The Federal Reserve has been printing money to “buy” treasury bonds for months because the treasury is auctioning far more bonds than anyone wants to buy.
Of course, the fact that they are patent liars could also add a different dimension to what they are saying about Zhou.
“This will prove disastrous in every other way, offsetting any benefit one may derive from being “locked in”. Don’t fool yourself.”
Durring the Carter years of high interest I had my best years financially both personally and in my construction business!
Somehow we are going to have to figure out how to deal with China. They been manipulating their currency and our fair access to their market for decades creating a huge trade debt.
This has already become a major security liability for the United States as our industrial base has been dismantled and shipped over to China. How are we suppose to defend ourselves?
The Chinese government has been pocketing most of the cash of their communist slave labor. Thats a huge amount of money to throw around and cause economic havoc and/or buy disabling favor just prior to an attack.
During the Carter years, my subcontracting business was a crap shoot. I didn’t know in the morning what my materials cost would be that afternoon, much less a year later when the fixed price structure was actually built.
The only certainty was prices would be increased.
“Don’t kid yourself. Once these rates increase bc of China, they will be permanently increased.”
I never borrow money but occasionally lend it.
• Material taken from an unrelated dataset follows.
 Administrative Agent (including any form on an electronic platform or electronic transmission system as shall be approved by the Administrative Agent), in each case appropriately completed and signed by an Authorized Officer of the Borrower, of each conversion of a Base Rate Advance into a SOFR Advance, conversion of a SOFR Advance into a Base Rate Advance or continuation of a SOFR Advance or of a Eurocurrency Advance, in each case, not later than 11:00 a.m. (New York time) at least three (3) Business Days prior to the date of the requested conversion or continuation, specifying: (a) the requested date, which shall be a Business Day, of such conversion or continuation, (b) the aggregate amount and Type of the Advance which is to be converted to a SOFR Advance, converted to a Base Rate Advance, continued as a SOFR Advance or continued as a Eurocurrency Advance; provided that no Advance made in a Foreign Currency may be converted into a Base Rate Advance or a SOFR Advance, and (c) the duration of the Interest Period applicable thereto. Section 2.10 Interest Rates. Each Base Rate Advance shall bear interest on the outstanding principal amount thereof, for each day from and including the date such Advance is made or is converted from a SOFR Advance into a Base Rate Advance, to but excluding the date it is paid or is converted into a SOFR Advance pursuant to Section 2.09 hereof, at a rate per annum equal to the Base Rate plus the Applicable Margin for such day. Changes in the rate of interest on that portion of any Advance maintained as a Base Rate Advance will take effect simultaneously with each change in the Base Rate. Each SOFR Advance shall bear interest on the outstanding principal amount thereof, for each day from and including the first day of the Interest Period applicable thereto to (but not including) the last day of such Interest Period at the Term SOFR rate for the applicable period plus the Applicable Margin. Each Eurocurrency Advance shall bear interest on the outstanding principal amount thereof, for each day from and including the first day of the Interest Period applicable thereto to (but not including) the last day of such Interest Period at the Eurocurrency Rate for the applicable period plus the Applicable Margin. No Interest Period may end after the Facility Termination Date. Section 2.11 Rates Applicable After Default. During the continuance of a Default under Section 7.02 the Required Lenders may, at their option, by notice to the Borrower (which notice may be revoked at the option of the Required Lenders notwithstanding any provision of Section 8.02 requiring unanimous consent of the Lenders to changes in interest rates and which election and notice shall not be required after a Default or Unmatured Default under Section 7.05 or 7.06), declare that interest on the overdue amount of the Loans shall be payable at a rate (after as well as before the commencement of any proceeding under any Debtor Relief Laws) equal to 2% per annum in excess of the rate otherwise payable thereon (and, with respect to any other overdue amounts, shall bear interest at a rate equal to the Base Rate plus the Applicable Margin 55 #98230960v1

When interest was 18% I loaned a guy $50k and after collecting @ 18% for 2 years converted it into a 20% interest in 7 acres in City of Industry. A year later it was sold and my 20% was $146k.
Other than our home I’ve never borrowed one cent, personal or business in my 73 years.
Are the wheels about to come off the economy?>>>>>>>>>>>
Could very well be! Its Obama’s goal to comtrol the markets, using tinkering from the Fed, and his cadre of Muslim bankers along with Soros. Who do you think caused the 500 billion dollar electronic bank run on Sept 18 , 2008?The fed has kept that a closely guarded secret, and that run caused the international economic and banking collapse, scared the bejassus out of Bush, McCain, and Congress, so that Obama began to run monetary policy even before he was elected. GROSS! It pretty much handed the election to Obama.
Look for more of this crap as long as we have fascists in office, and cowardly administrators who knuckle under to them ( they should be squealing to the consevative press, whats left of it.)
The bank list that caused that Sept 18th run should have been made public long ago, but the reason it is still secret us simple. THEY WANT TO DO IT AGAIN.
And if they do, the wheels will indeed come of the economy,precipitate a purposeful market crash to end the affluence of middle class America, and then the American public is supposed to run to Obama for salvation. If that happens, then I am afraid a revolution may be necessary to get rid of these fascists who now have become a parasitic plague on our nation.
If such a crisis occurs,American conservatives had better be prepared to reveal to all how and why it was caused, immediately!
Since they used our dollars to buy up and move our factories (and jobs) to China, I'd say they did.
Pretty bad when the communists understand capitalism far better than we do.